Originally a public domain film from NASA, slightly cropped to remove uneven edges, with the aspect ratio corrected, and one-pass brightness-contrast-color correction & mild video noise reduction applied.
The soundtrack was also processed with volume normalization, noise reduction, clipping reduction, and/or equalization (the resulting sound, though not perfect, is far less noisy than the original).
https://en.wikipedia.org/wiki/Space_Race
Wikipedia license: http://creativecommons.org/licenses/by-sa/3.0/
The Space Race refers to a competition that occured in the 20th century between the Soviet Union (USSR) and the United States (US) as a part of the Cold War. The goal of the race was to achieve firsts in spaceflight capability, with origins in the ballistic missile-based nuclear arms race between the two nations that occurred following World War II. The technological advantage required to rapidly achieve spaceflight milestones was seen as necessary for national security, and mixed with the symbolism and ideology of the time. The Space Race led to pioneering efforts to launch artificial satellites, uncrewed space probes of the Moon, Venus, and Mars, and human spaceflight in low Earth orbit and to the Moon.

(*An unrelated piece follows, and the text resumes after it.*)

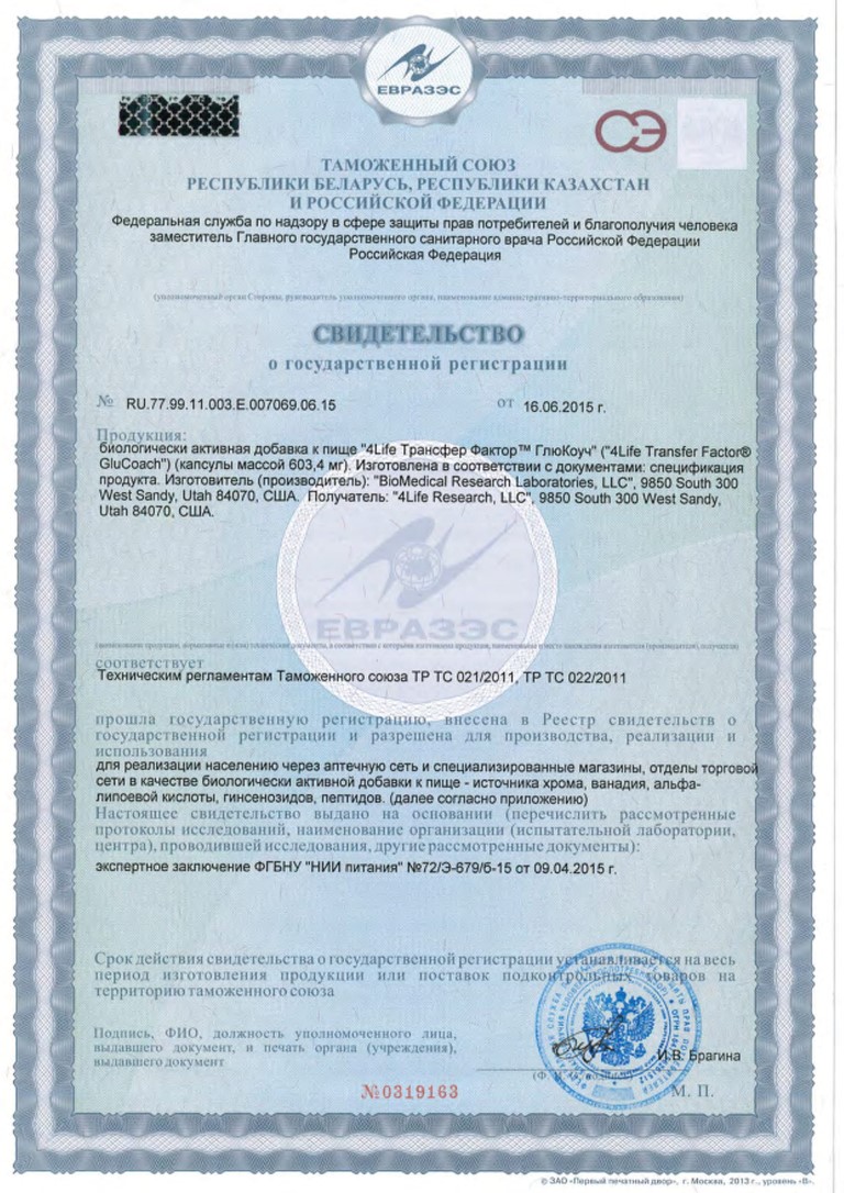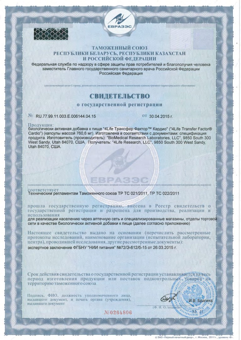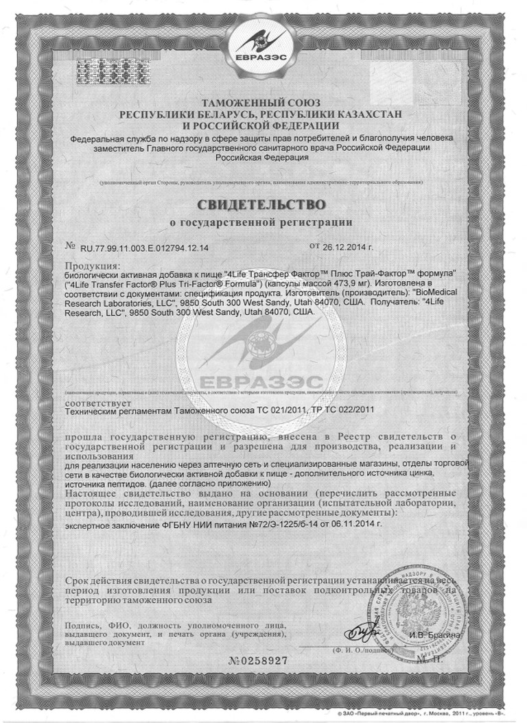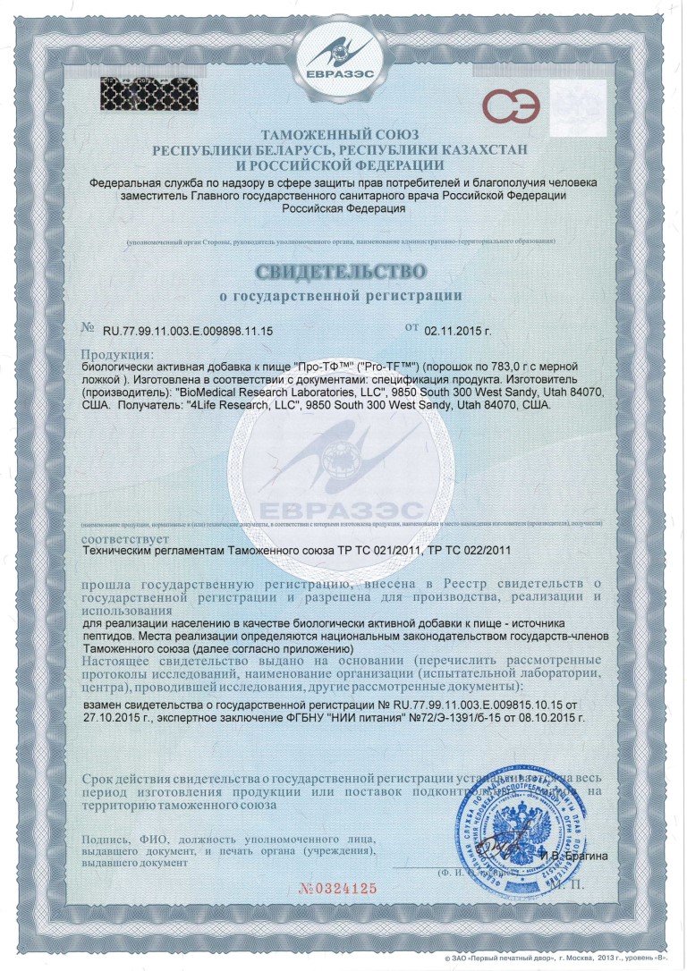 Патенты, Сертификаты, Экспертные Заключения и др. документация на продукцию 4Life Research:

The competition began in earnest on August 2, 1955 when the Soviet Union responded to the US announcement four days earlier of intent to launch artificial satellites for the International Geophysical Year, by declaring they would also launch a satellite "in the near future". The Soviet Union achieved the first successful launch with the October 4, 1957 orbiting of Sputnik 1, and sent the first human to space with the orbital flight of Yuri Gagarin on April 12, 1961. The USSR also sent the first woman, Valentina Tereshkova, to space on June 16, 1963, with numerous other firsts taking place over the next few years with regards to flight duration, spacewalks, and related activities. According to Russian sources, these achievements lead to the conclusion that the USSR had an advantage in space technology.
According to US sources, the "race" peaked with the July 20, 1969, US landing of the first humans on the Moon with Apollo 11. Most US sources will point to the Apollo 11 lunar landing as a singular achievement far outweighing any combination of Soviet achievements. In any case the USSR attempted several crewed lunar missions, but eventually canceled them and concentrated on Earth orbital space stations, while the US landed several more times on the Moon.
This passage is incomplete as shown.